» **The task**:
Could you give back every record below exactly, leaving out the pictures?

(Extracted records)
*****

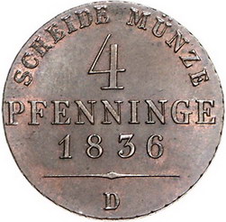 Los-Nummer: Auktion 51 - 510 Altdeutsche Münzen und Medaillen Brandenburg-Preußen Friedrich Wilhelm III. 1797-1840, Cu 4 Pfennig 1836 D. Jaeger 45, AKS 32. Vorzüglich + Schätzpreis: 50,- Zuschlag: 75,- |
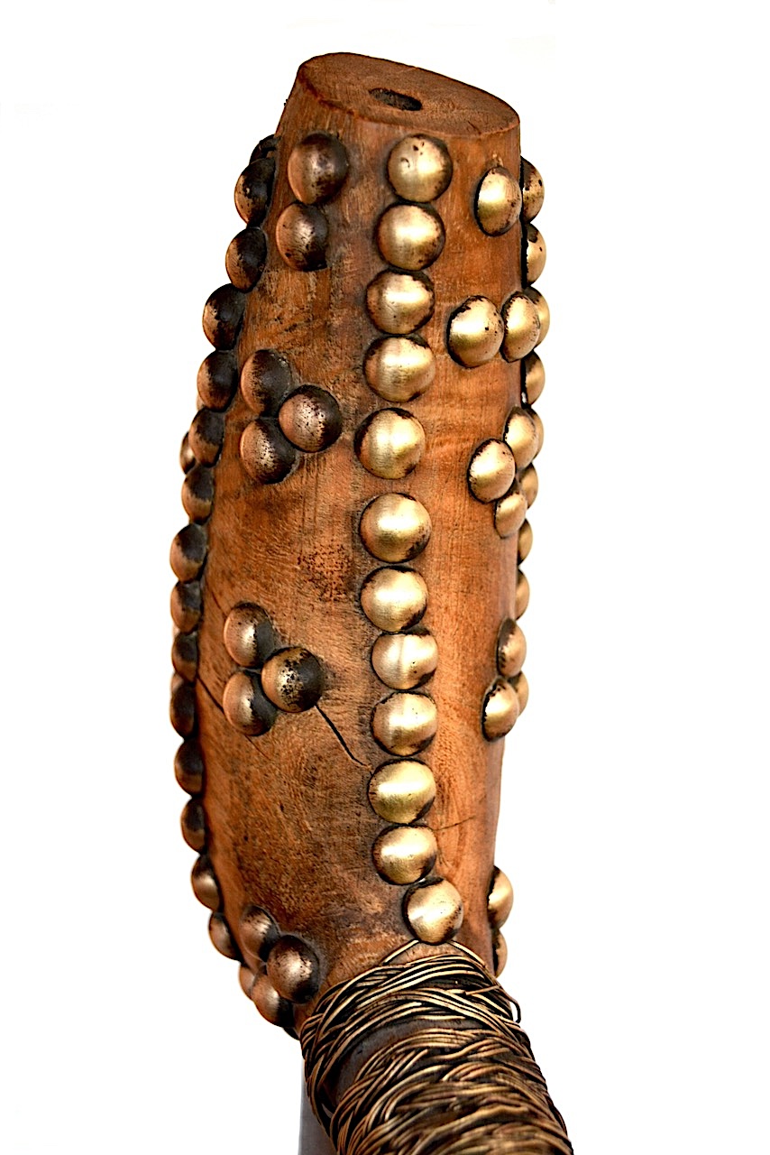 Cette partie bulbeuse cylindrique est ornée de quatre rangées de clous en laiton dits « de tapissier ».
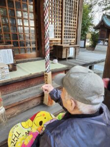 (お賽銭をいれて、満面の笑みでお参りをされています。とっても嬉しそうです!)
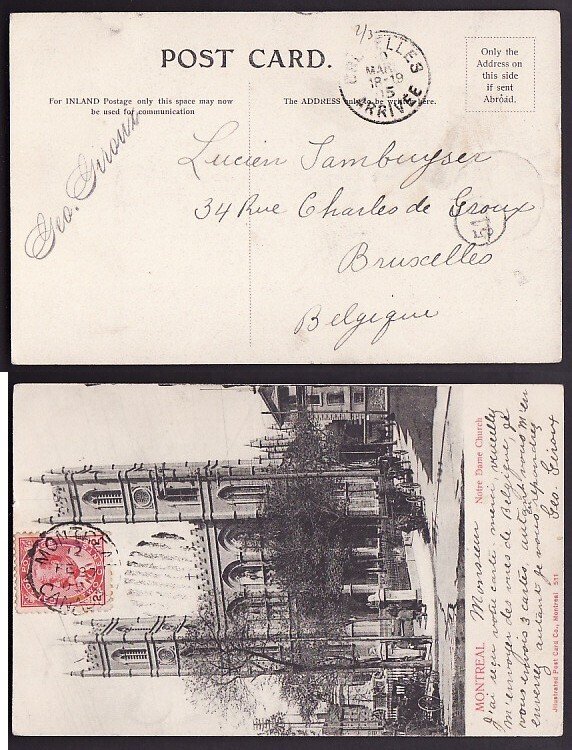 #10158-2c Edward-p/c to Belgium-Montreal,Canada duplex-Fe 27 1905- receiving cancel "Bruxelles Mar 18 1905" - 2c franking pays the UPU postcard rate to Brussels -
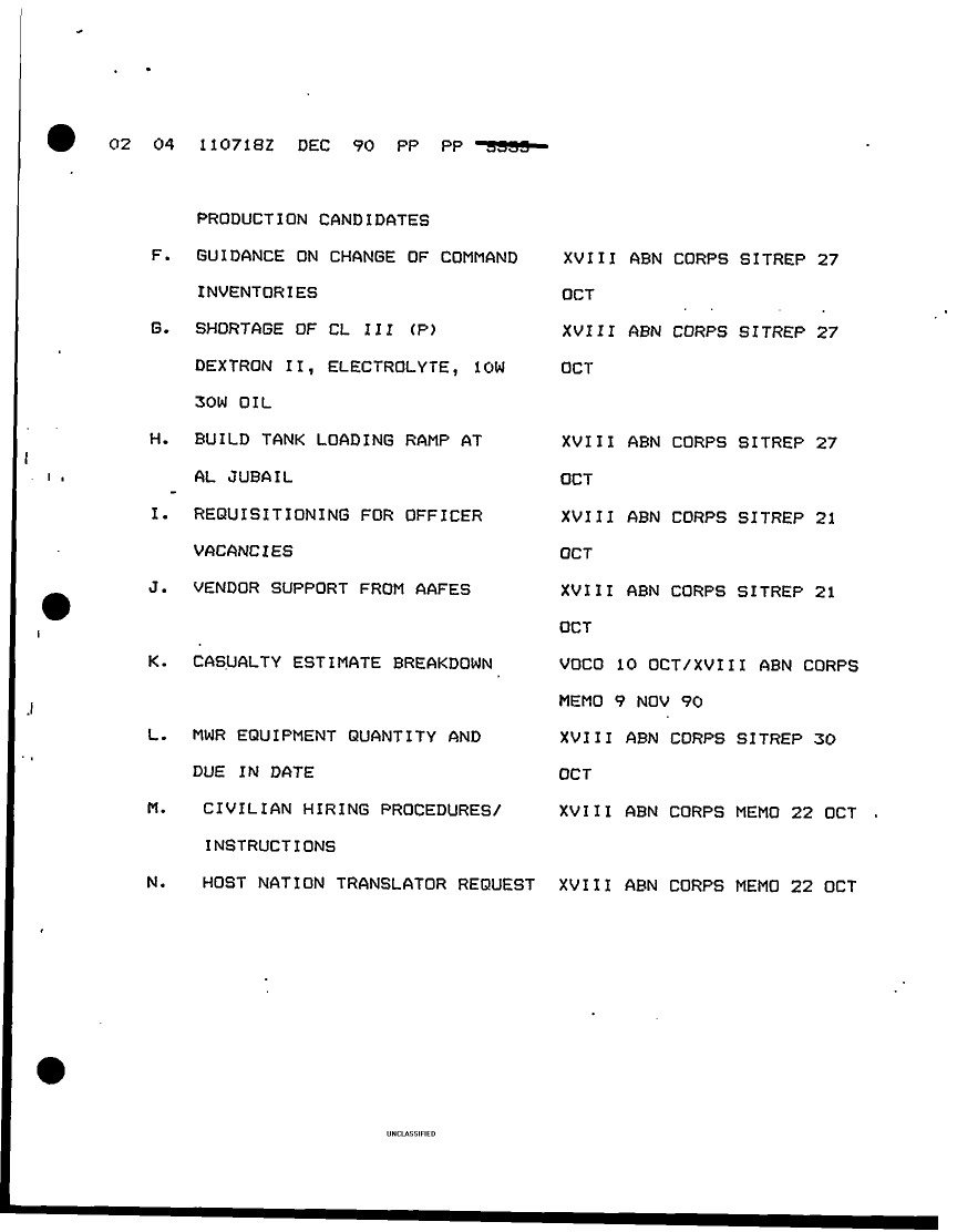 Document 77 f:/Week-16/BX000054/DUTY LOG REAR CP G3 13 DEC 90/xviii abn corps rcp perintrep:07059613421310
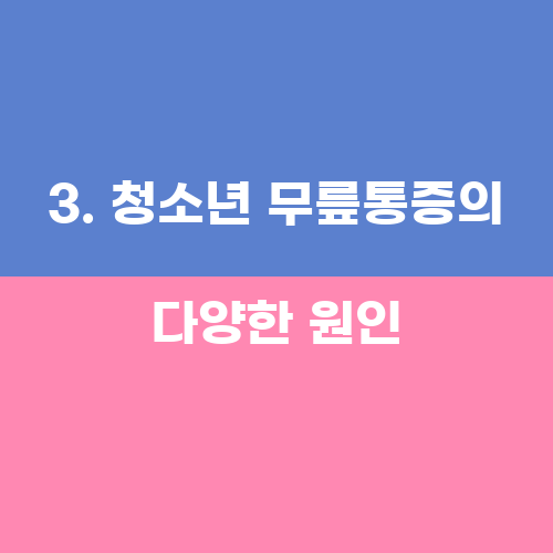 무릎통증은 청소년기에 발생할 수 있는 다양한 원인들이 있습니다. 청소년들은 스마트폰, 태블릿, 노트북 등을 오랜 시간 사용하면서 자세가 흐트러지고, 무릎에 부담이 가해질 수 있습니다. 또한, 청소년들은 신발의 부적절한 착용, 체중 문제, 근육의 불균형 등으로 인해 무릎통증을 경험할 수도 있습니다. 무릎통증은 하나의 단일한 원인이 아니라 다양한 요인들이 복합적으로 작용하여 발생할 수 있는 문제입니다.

*****

» **Task solution**:
 Los-Nummer: Auktion 51 - 510 Altdeutsche Münzen und Medaillen Brandenburg-Preußen Friedrich Wilhelm III. 1797-1840, Cu 4 Pfennig 1836 D. Jaeger 45, AKS 32. Vorzüglich + Schätzpreis: 50,- Zuschlag: 75,- |
 Cette partie bulbeuse cylindrique est ornée de quatre rangées de clous en laiton dits « de tapissier ».
 (お賽銭をいれて、満面の笑みでお参りをされています。とっても嬉しそうです!)
 #10158-2c Edward-p/c to Belgium-Montreal,Canada duplex-Fe 27 1905- receiving cancel "Bruxelles Mar 18 1905" - 2c franking pays the UPU postcard rate to Brussels -
 Document 77 f:/Week-16/BX000054/DUTY LOG REAR CP G3 13 DEC 90/xviii abn corps rcp perintrep:07059613421310
 무릎통증은 청소년기에 발생할 수 있는 다양한 원인들이 있습니다. 청소년들은 스마트폰, 태블릿, 노트북 등을 오랜 시간 사용하면서 자세가 흐트러지고, 무릎에 부담이 가해질 수 있습니다. 또한, 청소년들은 신발의 부적절한 착용, 체중 문제, 근육의 불균형 등으로 인해 무릎통증을 경험할 수도 있습니다. 무릎통증은 하나의 단일한 원인이 아니라 다양한 요인들이 복합적으로 작용하여 발생할 수 있는 문제입니다.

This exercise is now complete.